__DATASET SECTION__

━━━━━━

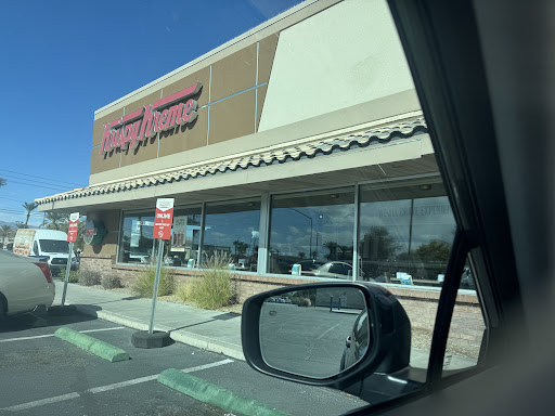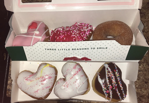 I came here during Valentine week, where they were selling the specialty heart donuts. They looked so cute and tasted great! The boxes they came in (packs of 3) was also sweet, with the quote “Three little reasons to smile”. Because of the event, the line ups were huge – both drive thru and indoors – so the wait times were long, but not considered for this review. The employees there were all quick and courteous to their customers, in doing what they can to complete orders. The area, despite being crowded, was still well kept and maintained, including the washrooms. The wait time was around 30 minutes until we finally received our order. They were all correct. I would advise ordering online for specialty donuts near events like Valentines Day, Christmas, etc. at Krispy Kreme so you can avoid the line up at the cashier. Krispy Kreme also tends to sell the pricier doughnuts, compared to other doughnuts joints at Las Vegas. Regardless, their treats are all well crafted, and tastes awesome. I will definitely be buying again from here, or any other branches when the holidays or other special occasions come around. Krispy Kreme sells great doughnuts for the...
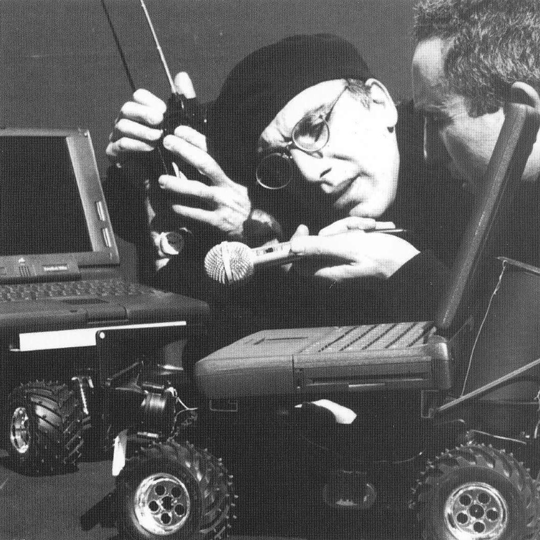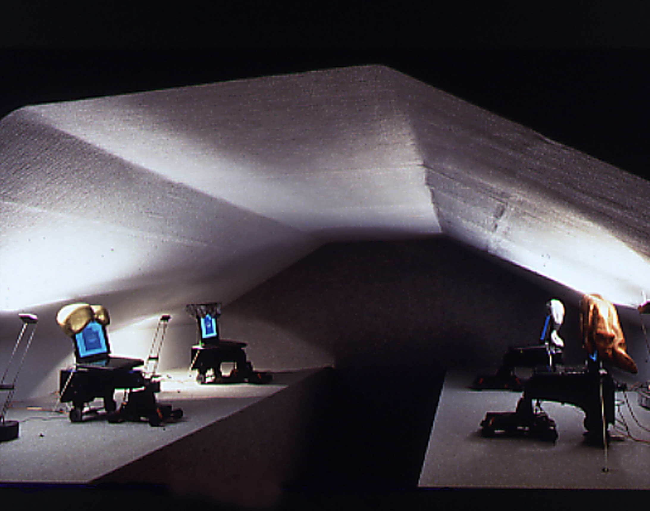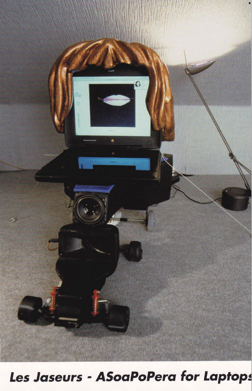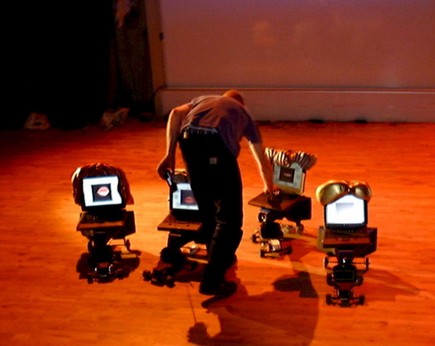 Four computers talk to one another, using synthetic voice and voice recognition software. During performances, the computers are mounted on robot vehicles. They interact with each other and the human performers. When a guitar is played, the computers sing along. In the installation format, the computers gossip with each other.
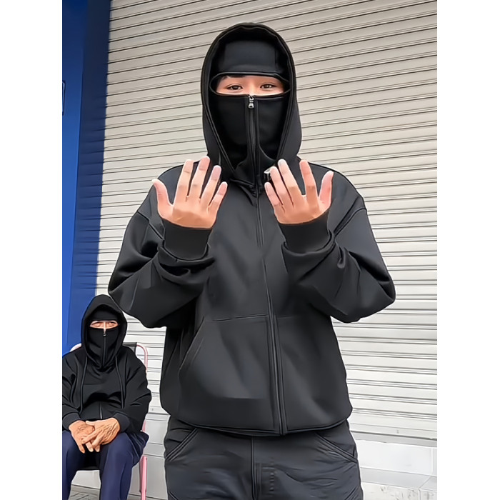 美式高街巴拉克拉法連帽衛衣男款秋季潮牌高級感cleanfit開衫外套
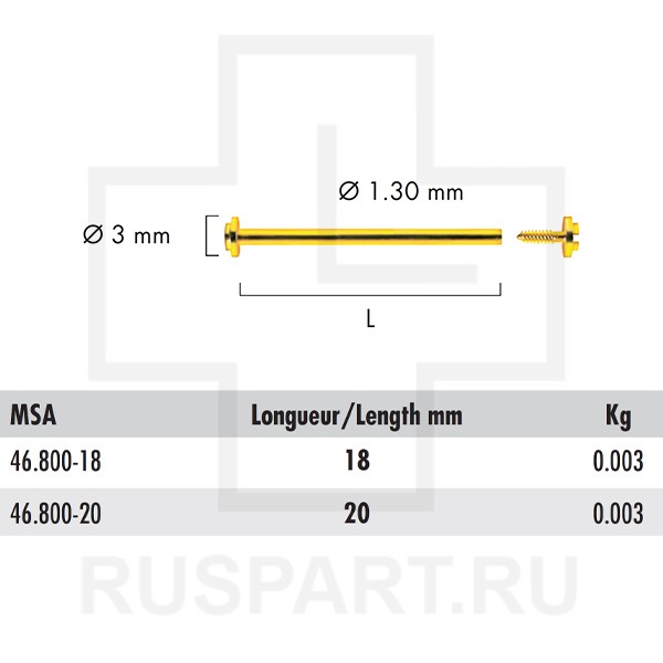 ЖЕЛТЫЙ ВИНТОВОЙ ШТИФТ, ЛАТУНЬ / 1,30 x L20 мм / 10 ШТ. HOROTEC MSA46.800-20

━━━━━━

__WORK ITEM__
Take the lines from the one holding "美式高街巴拉克拉法連帽衛衣男款秋季潮牌高級感cleanfit開衫外套" through the final line of the listing above and copy them exactly, both ends included, with no pictures.

__TASK ANSWER__
 美式高街巴拉克拉法連帽衛衣男款秋季潮牌高級感cleanfit開衫外套
 ЖЕЛТЫЙ ВИНТОВОЙ ШТИФТ, ЛАТУНЬ / 1,30 x L20 мм / 10 ШТ. HOROTEC MSA46.800-20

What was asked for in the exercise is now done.